Suicide attempts were assessed using the Suicide Attempt Self Injury Interview (SASII; Linehan et al., 2006), a structured clinician-administered interview that assesses a range of factors associated with self-directed violent behavior (e.g., intent, method, and medical severity). The SASII has demonstrated high interrater reliability and validity as compared to other methods of assessing and tracking the occurrence of suicide attempts, to include high concordance (>80% agreement) between weekly reports of self-directed violent behaviors and retrospective recall of these behaviors. As noted above, the SASII was administered at baseline and 3, 6, 12, 18, and 24 months postbaseline.

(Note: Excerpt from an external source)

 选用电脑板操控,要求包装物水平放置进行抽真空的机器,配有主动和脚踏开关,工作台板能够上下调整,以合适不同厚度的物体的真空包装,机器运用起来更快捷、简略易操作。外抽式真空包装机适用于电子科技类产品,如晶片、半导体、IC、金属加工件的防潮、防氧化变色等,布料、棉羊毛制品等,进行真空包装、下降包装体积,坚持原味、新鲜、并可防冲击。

Suicide ideation was assessed at the beginning of every therapy session using item 9 of the Beck Depression Inventory, Second Edition (Beck, Steer, & Brown, 1996). This item assesses the severity of suicide ideation on a 4-point scale: I don’t have any thoughts of killing myself (0); I have thoughts of killing myself, but I would not carry them out (1); I would like to kill myself (2); and I would kill myself if I had the chance (3). Higher scores therefore indicate more severe suicidal intent. Higher scores are significantly associated with higher rates of later suicide death and repeat suicide attempts (Green et al., 2015). Research further suggests the use of this single item for assessing severity of suicide ideation is valid and comparable to the results of much longer suicide ideation scales (Desseilles et al., 2012). This item was assessed at each BCBT session.

Data Analytic Approach

All analyses were conducted using SPSS 24. Because BCBT was designed to be a 12-session treatment protocol, suicide ideation scores from the first 12 sessions only were used for analyses. Data from the first eleven sessions were available from most (>70%) participants and were available from 52% of participants for the twelfth session. Missing data quickly increased thereafter due to the small proportion of participants attending more than 12 treatment sessions. Sensitivity analyses were conducted comparing the results of analyses using all data points and the results of analyses using data from only the first 12 sessions. Differences were minimal and did not alter interpretations or conclusions. We therefore reported findings based on the first 12 sessions of BCBT only.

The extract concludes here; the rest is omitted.